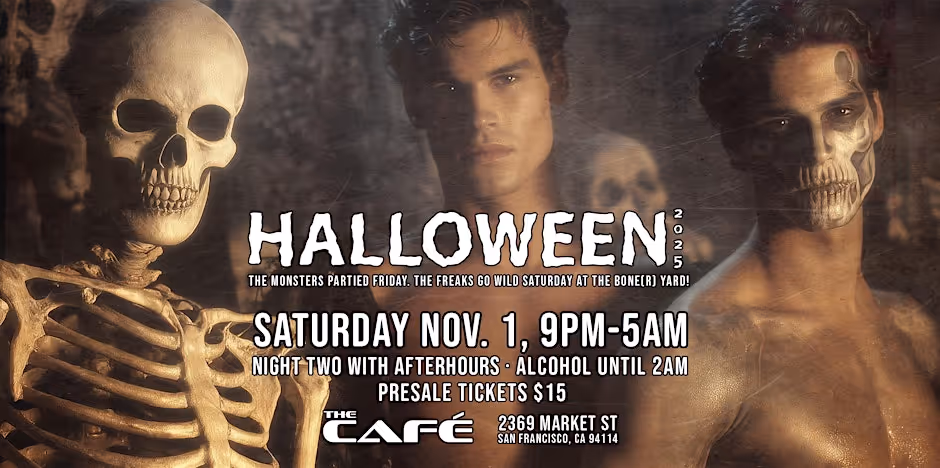 Welcome to Halloween Saturday: The Bone(R) Yard at The Cafe! With Round 2 of RETURN OF AFTERHOURS until 5AM! Get ready for a spooktacular night on November 1, 2025 at 9:00 PM. Join us for a bone-chilling evening filled with creepy cocktails, eerie music, and frighteningly fun activities. Come dressed in your most ghoulish attire. Don't miss out on the thrills and chills at The Bone(R) Yard this Halloween!
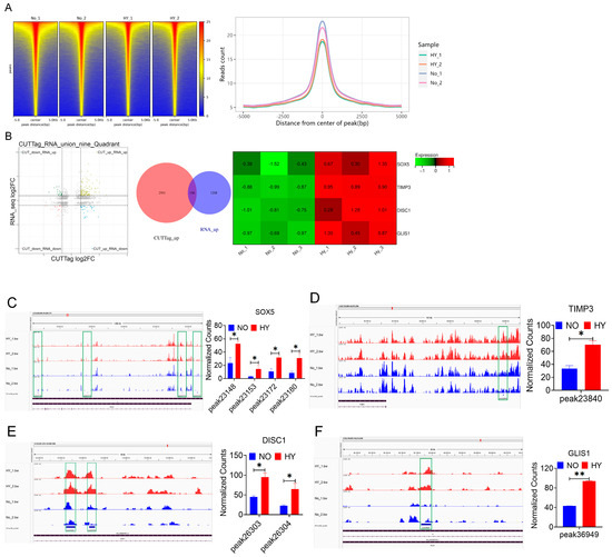 CUT&TAG-seq combined with RNA-seq technology revealed that a 5% oxygen concentration in vitro promoted the proliferation of bSCs in vitro by activating H3K18la lactic acid expression. (A): Signal heatmap near the center of each group peak and signal distribution map near the center of the peak; (B): Nine-quadrant map of CUT&RNA joint analysis, up-up Venn diagram and RNA-seq screening heatmap of differentially expressed genes; (C–F): Integrative Genomics Viewer (IGV) visualization results of each site of the enriched differentially expressed genes SOX5 (C), TIMP3 (D), DISC1 (E) and GLIS1 (F) and relative quantitative results of CUT&Tag enrichment normalized counts. [Abbreviations: SOX5: SRY-Box Transcription Factor 5. TIMP3: Tissue Inhibitor of Metalloproteinases 3. DISC1: Disrupted in Schizophrenia 1. GLIS1: GLIS Family Zinc Finger 1; “*” indicates statistical significance (p < 0.05); “**” indicates highly significant difference (p < 0.01); The green box in the figure represents the enrichment curve differences of differentially expressed sites visualized in the IGV image. It highlights regions where differential expression peaks are enriched, reflecting variations in gene regulation or chromatin features across samples].
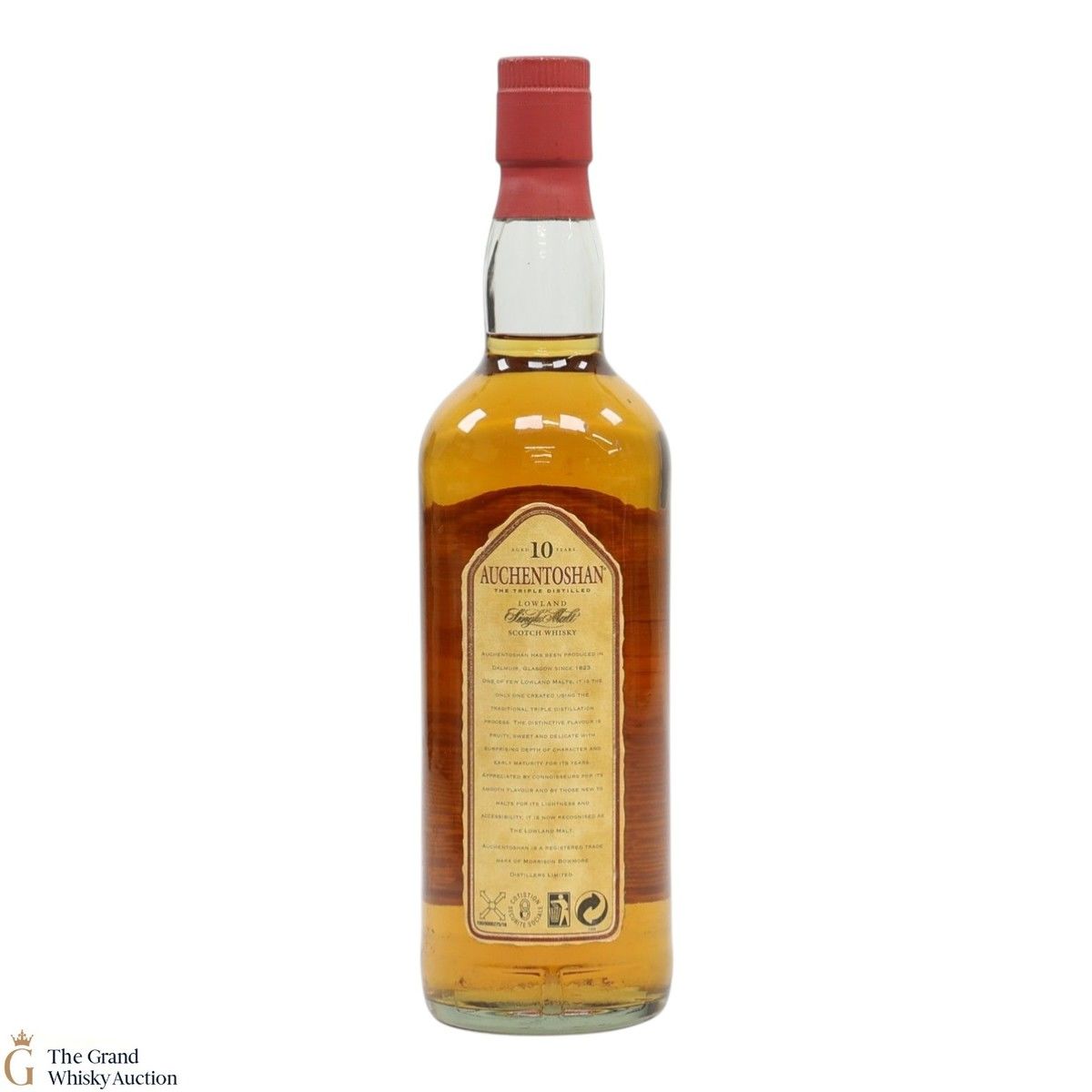 This is an older style of 10 year old Lowland single malt distilled at Auchentoshan was bottled in the 1980s. It was triple-distilled and aged in oak casks. This is a 70cl bottling.

• [Requirement] What is needed is an exact copy of all the data, with no images in it.

• [Written response]
 Welcome to Halloween Saturday: The Bone(R) Yard at The Cafe! With Round 2 of RETURN OF AFTERHOURS until 5AM! Get ready for a spooktacular night on November 1, 2025 at 9:00 PM. Join us for a bone-chilling evening filled with creepy cocktails, eerie music, and frighteningly fun activities. Come dressed in your most ghoulish attire. Don't miss out on the thrills and chills at The Bone(R) Yard this Halloween!
 CUT&TAG-seq combined with RNA-seq technology revealed that a 5% oxygen concentration in vitro promoted the proliferation of bSCs in vitro by activating H3K18la lactic acid expression. (A): Signal heatmap near the center of each group peak and signal distribution map near the center of the peak; (B): Nine-quadrant map of CUT&RNA joint analysis, up-up Venn diagram and RNA-seq screening heatmap of differentially expressed genes; (C–F): Integrative Genomics Viewer (IGV) visualization results of each site of the enriched differentially expressed genes SOX5 (C), TIMP3 (D), DISC1 (E) and GLIS1 (F) and relative quantitative results of CUT&Tag enrichment normalized counts. [Abbreviations: SOX5: SRY-Box Transcription Factor 5. TIMP3: Tissue Inhibitor of Metalloproteinases 3. DISC1: Disrupted in Schizophrenia 1. GLIS1: GLIS Family Zinc Finger 1; “*” indicates statistical significance (p < 0.05); “**” indicates highly significant difference (p < 0.01); The green box in the figure represents the enrichment curve differences of differentially expressed sites visualized in the IGV image. It highlights regions where differential expression peaks are enriched, reflecting variations in gene regulation or chromatin features across samples].
 This is an older style of 10 year old Lowland single malt distilled at Auchentoshan was bottled in the 1980s. It was triple-distilled and aged in oak casks. This is a 70cl bottling.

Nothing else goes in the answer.